** Work to complete **
A word-for-word retyping of the listing below is required, with the pictures dropped.

[Records to use]

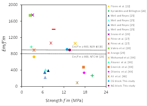 When experimental values of Em are not available, NSR-10 proposes Equation (1) to estimate the modulus of elasticity of concrete masonry. According to Section D.5.2-2 of NSR-10, the Em/f´m ratio must be equal to or greater than 900. The modulus of elasticity of the prisms computed using Equation (1) are 11610 MPa and 12240 MPa for prisms with CG blocks and NG blocks, respectively. Table 7 and Figure 9 show the Em/f´m ratios computed with the values of Em and f´m measured in this study and data reported by different authors for concrete masonry blocks. In this study, Em/f´m ratios were 909 and 894 for prisms with CG and NG, respectively. Flores et al. [24] reported that the variation in the measured values of axial strains and modulus of elasticity are as high as 40% and 51%, respectively. Based on the results measured in this study and data reported in the literature, the modulus of elasticity of prisms seems to depend on the joint mortar, the geometry, dimensions, material, and construction process of masonry units.
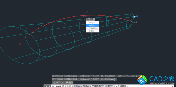 3. 三維放樣,截面選擇兩個(gè)繪制的圓,路徑選擇繪制彎管中心線圓弧。
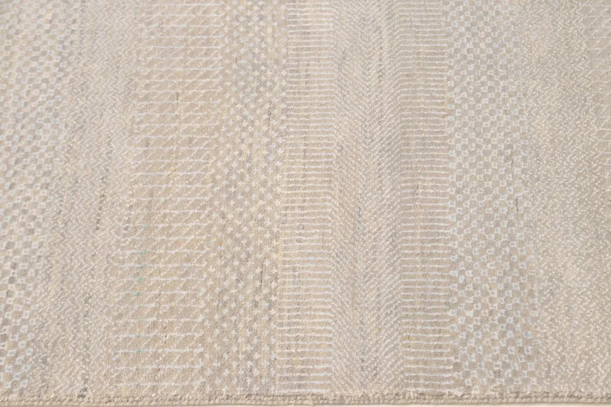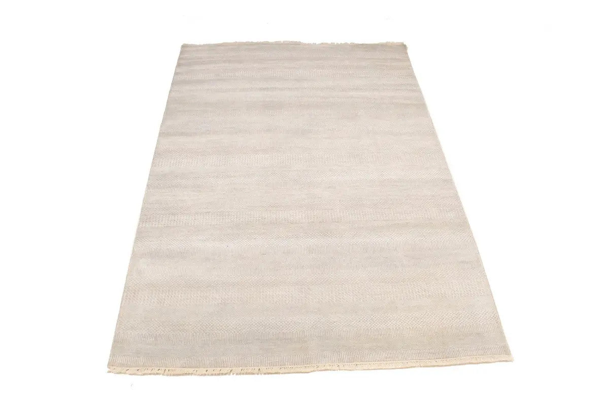 Handmade modern area rug measuring 6'1" x 9'2" in oatmeal color, made from knotted wool, allergy-friendly and eco-friendly properties.
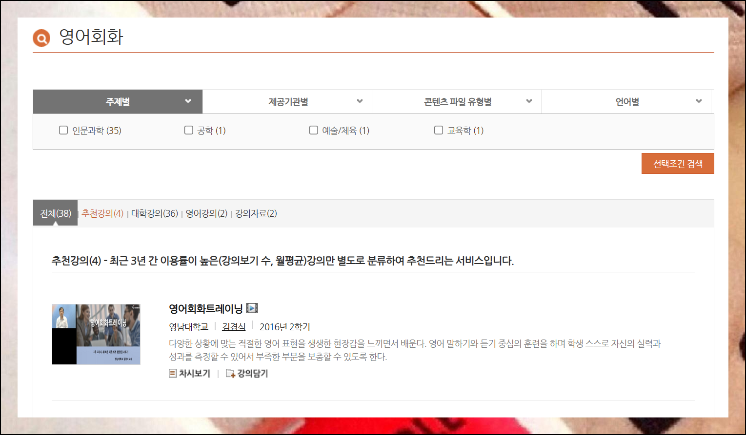 사이트에서 영어회화를 검색하면 추천강의, 대학강좌, 영어교육, 학습자료와 같이 여러 카테고리로 분류되어 있어요. 이 모든 콘텐츠가 무료로 제공된다는 점이 정말 매력적입니다.
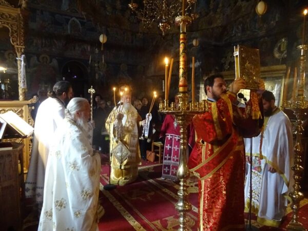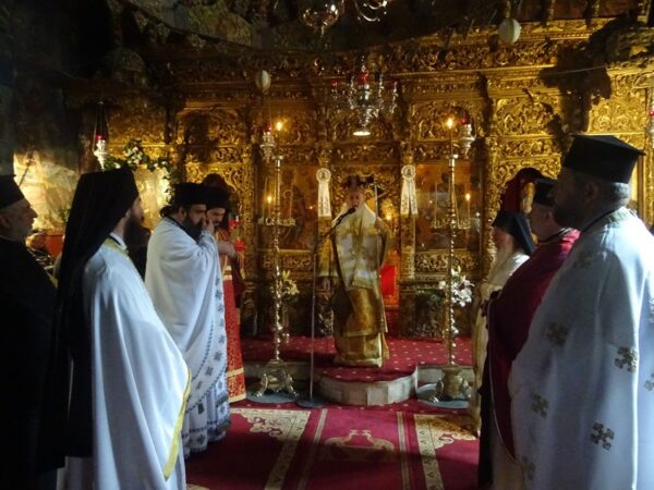 Το απόγευμα του Σαββάτου, 2 Νοεμβρίου 2019, παραμονή της εορτής, τελέσθηκε από τους πατέρες της Ι. Μονής ο πανηγυρικός Εσπερινός και την επομένη μετέβη στην πανηγυρίζουσα η Ι. Μονή και τέλεσε την Αρχιερατική Θ. Λειτουργία ο Σεβ. Μητροπολίτης μας κ. Διονύσιος, πλαισιούμενος από τους συνοδούς του Κληρικούς και τους πατέρες της Ι. Μονής.
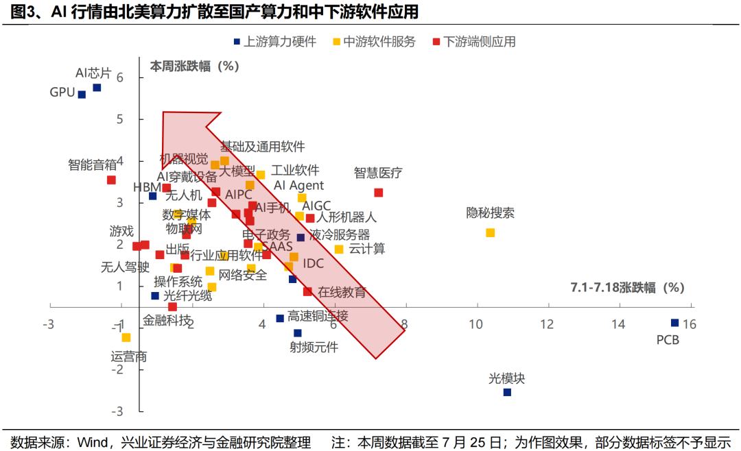 国产算力方面,国内互联网厂商资本开支增长仍是长期趋势,随着近期H20芯片限制再度放开,叠加三季度英伟达对华新卡B30有望完成市场导入,前期市场对互联网厂商的资本开支担忧有望持续减弱,叠加下半年燧原科技、壁仞科技等国产芯片企业有望上市的催化,国产替代逻辑下产业链确定性仍强。
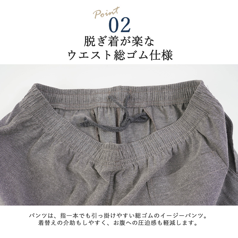 パンツのウエストは全面ゴム仕様で、お腹周りを締め付けず一日中快適です。内側の紐でサイズ調節も可能。適度なゆとりがあるシルエットなので、動作を妨げず、車椅子の方や足腰が不安な方でも楽に着用いただけます。
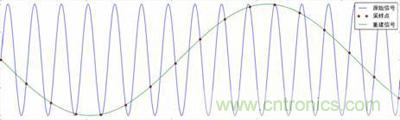 簡單溫習(xí)奈奎斯特采樣定理:如果信號是帶限的,且采樣頻率Fs高于信號最高頻率Fmax的兩倍,采樣樣本中完整地保留了原始信號中的信息。而高于或等于采樣頻率的一半頻率分量,則會導(dǎo)致混疊現(xiàn)象,如圖 5所示由于采樣頻率過小,每個信號周期樣本數(shù)量太少,重建后的波形頻率分量落到低于采樣頻率的頻率范圍中,與原始信號大相徑庭。
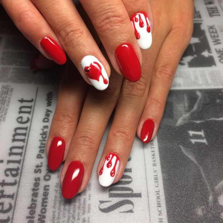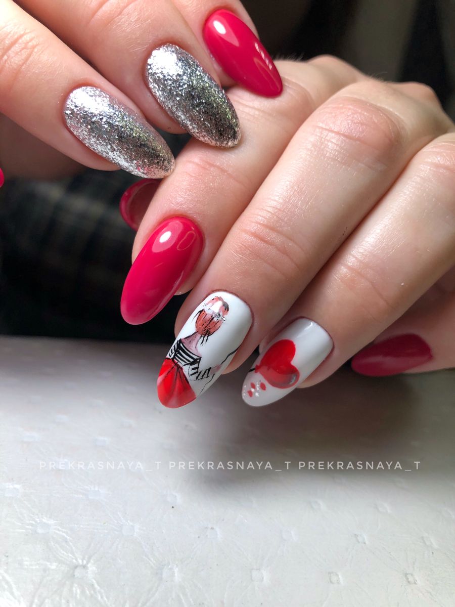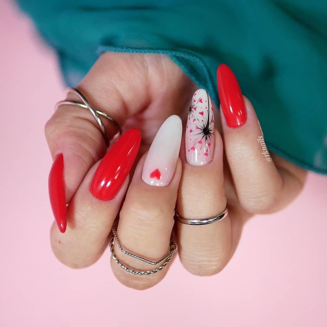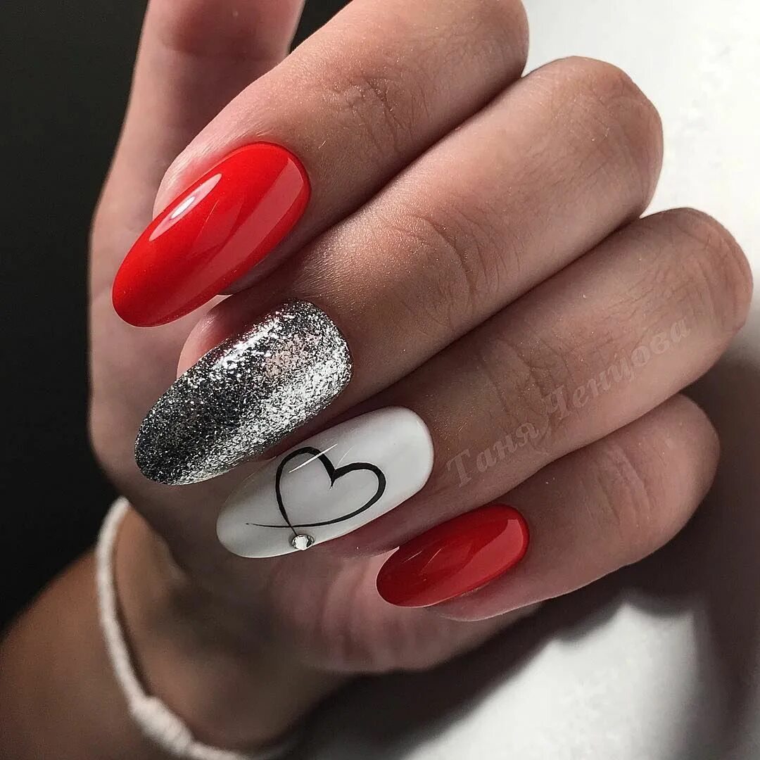 - белый. Такое сочетание смотрится свежо и очень элегантно. Белый добавляют в том случае, если хотят сделать маникюр более романтичным и немного приглушить страстный и активный красный цвет;

[/Records to use]

** Answer to this problem **
 When experimental values of Em are not available, NSR-10 proposes Equation (1) to estimate the modulus of elasticity of concrete masonry. According to Section D.5.2-2 of NSR-10, the Em/f´m ratio must be equal to or greater than 900. The modulus of elasticity of the prisms computed using Equation (1) are 11610 MPa and 12240 MPa for prisms with CG blocks and NG blocks, respectively. Table 7 and Figure 9 show the Em/f´m ratios computed with the values of Em and f´m measured in this study and data reported by different authors for concrete masonry blocks. In this study, Em/f´m ratios were 909 and 894 for prisms with CG and NG, respectively. Flores et al. [24] reported that the variation in the measured values of axial strains and modulus of elasticity are as high as 40% and 51%, respectively. Based on the results measured in this study and data reported in the literature, the modulus of elasticity of prisms seems to depend on the joint mortar, the geometry, dimensions, material, and construction process of masonry units.
 3. 三維放樣,截面選擇兩個(gè)繪制的圓,路徑選擇繪制彎管中心線圓弧。
 Handmade modern area rug measuring 6'1" x 9'2" in oatmeal color, made from knotted wool, allergy-friendly and eco-friendly properties.
 사이트에서 영어회화를 검색하면 추천강의, 대학강좌, 영어교육, 학습자료와 같이 여러 카테고리로 분류되어 있어요. 이 모든 콘텐츠가 무료로 제공된다는 점이 정말 매력적입니다.
 Το απόγευμα του Σαββάτου, 2 Νοεμβρίου 2019, παραμονή της εορτής, τελέσθηκε από τους πατέρες της Ι. Μονής ο πανηγυρικός Εσπερινός και την επομένη μετέβη στην πανηγυρίζουσα η Ι. Μονή και τέλεσε την Αρχιερατική Θ. Λειτουργία ο Σεβ. Μητροπολίτης μας κ. Διονύσιος, πλαισιούμενος από τους συνοδούς του Κληρικούς και τους πατέρες της Ι. Μονής.
 国产算力方面,国内互联网厂商资本开支增长仍是长期趋势,随着近期H20芯片限制再度放开,叠加三季度英伟达对华新卡B30有望完成市场导入,前期市场对互联网厂商的资本开支担忧有望持续减弱,叠加下半年燧原科技、壁仞科技等国产芯片企业有望上市的催化,国产替代逻辑下产业链确定性仍强。
 パンツのウエストは全面ゴム仕様で、お腹周りを締め付けず一日中快適です。内側の紐でサイズ調節も可能。適度なゆとりがあるシルエットなので、動作を妨げず、車椅子の方や足腰が不安な方でも楽に着用いただけます。
 簡單溫習(xí)奈奎斯特采樣定理:如果信號是帶限的,且采樣頻率Fs高于信號最高頻率Fmax的兩倍,采樣樣本中完整地保留了原始信號中的信息。而高于或等于采樣頻率的一半頻率分量,則會導(dǎo)致混疊現(xiàn)象,如圖 5所示由于采樣頻率過小,每個信號周期樣本數(shù)量太少,重建后的波形頻率分量落到低于采樣頻率的頻率范圍中,與原始信號大相徑庭。
 - белый. Такое сочетание смотрится свежо и очень элегантно. Белый добавляют в том случае, если хотят сделать маникюр более романтичным и немного приглушить страстный и активный красный цвет;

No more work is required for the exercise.